__Task prompt__. What you give back should be exactly the lines from the one with "304不锈钢沥水篮洗菜盆洗米筛厨房神器水果篮淘米盆沥水漏盆和面" through the final line of the material, pictures removed; please add nothing.
□ □ □ □ □ □ □
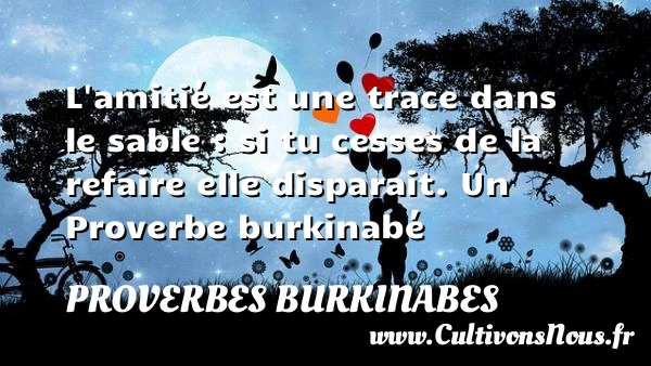 Evaluer cet article L’amitié est une trace dans le sable : si tu cesses de la refaire elle disparait. Un Proverbe burkinabé A lire L'éléphant est grand mais son enfant est petit. PARTAGER Tags: Proverbes philosophiquesProverbes vie
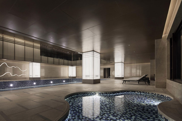 細致的從空間注入圓、點、線,繁縟而有節配上雅致玻璃吊飾,自然光映出流光溢彩,水的意象呈現東方肌理,光影交織突顯五重院落的建筑,彰顯東方大境。
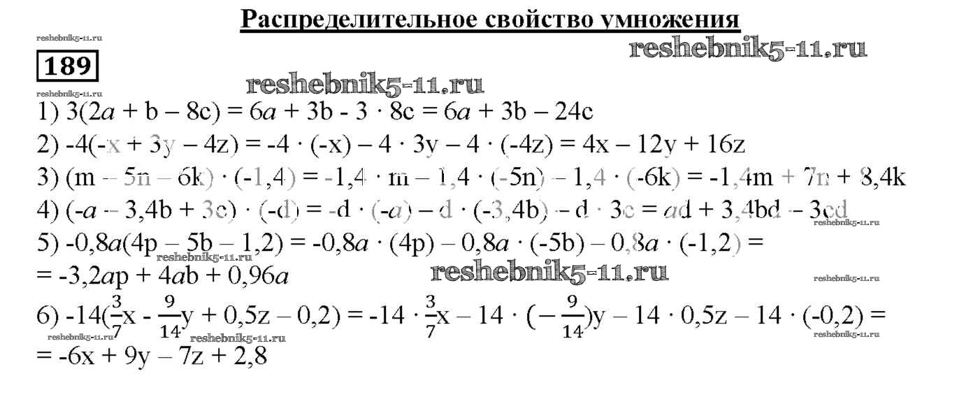 Готовая домашняя работа с ответами по Математике за 6 класс Мерзляк, Полонский, Рабинович, Якир Дидактические материалы Алгоритм успеха Вентана-граф 2017 ФГОС - Вариант 2 189
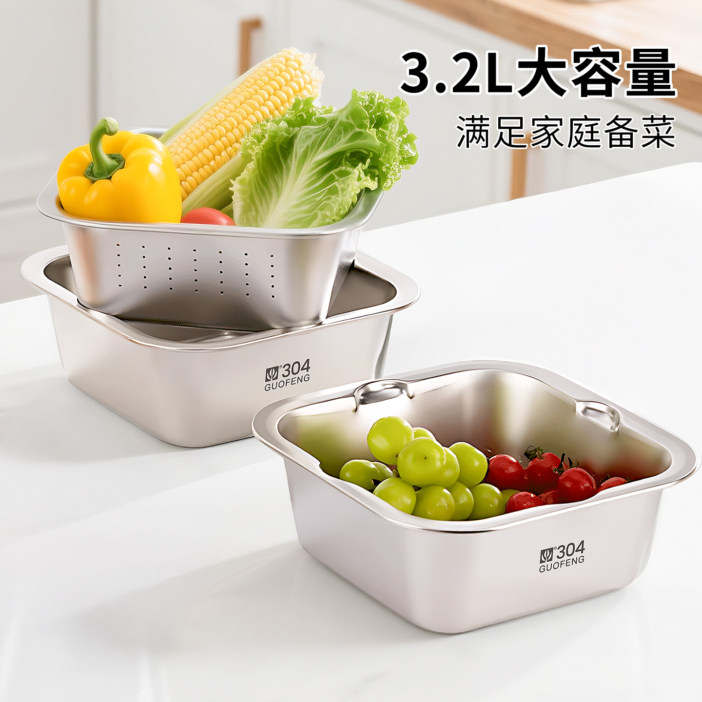304不锈钢沥水篮洗菜盆洗米筛厨房神器水果篮淘米盆沥水漏盆和面
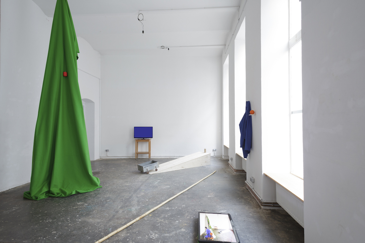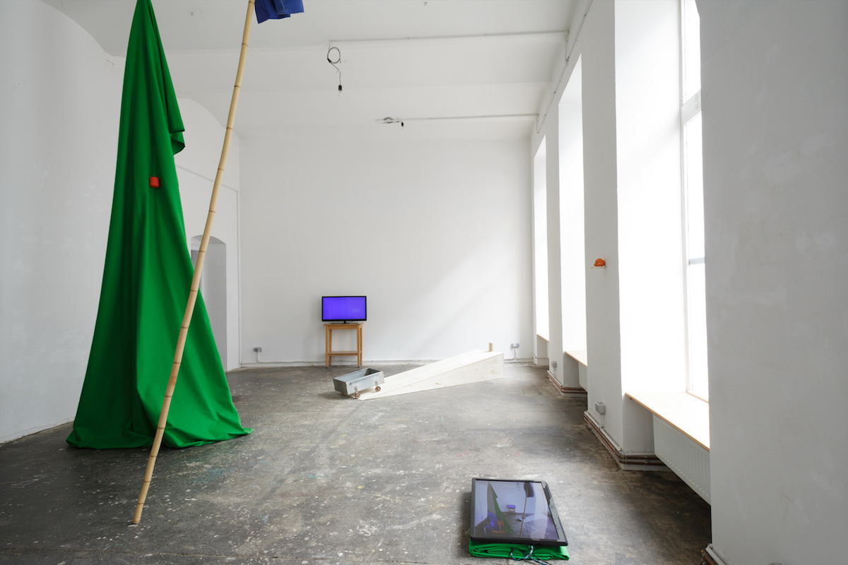 The video installation Green Screen Tree is part of the solo show Heimliches arbeiten beginnt and consists of three works that are strongly interlinked and create a strongly connected world.
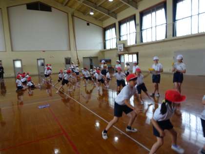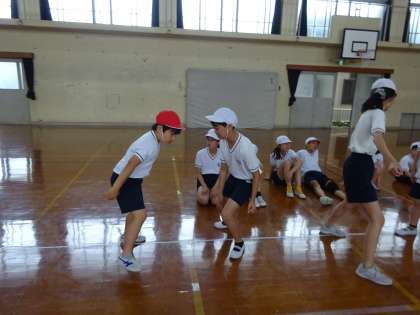 今日は「反復横跳び」に挑戦しました。初めて反復横跳びをする2年生に向けて、フレンドリーグループの6年生が跳び方を教えてくれました。
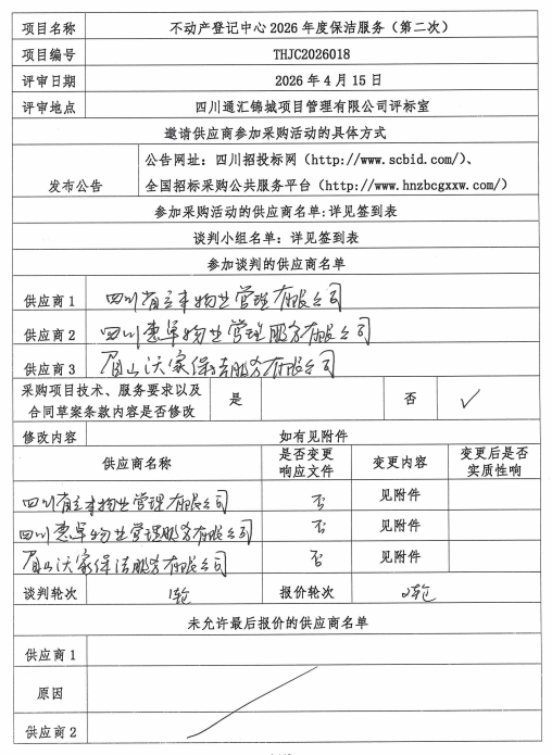 不动产登记中心2026年度保洁服务(第二次)成交公告
□ □ □ □ □ □ □
__Output of the task__.
304不锈钢沥水篮洗菜盆洗米筛厨房神器水果篮淘米盆沥水漏盆和面
 The video installation Green Screen Tree is part of the solo show Heimliches arbeiten beginnt and consists of three works that are strongly interlinked and create a strongly connected world.
 今日は「反復横跳び」に挑戦しました。初めて反復横跳びをする2年生に向けて、フレンドリーグループの6年生が跳び方を教えてくれました。
 不动产登记中心2026年度保洁服务(第二次)成交公告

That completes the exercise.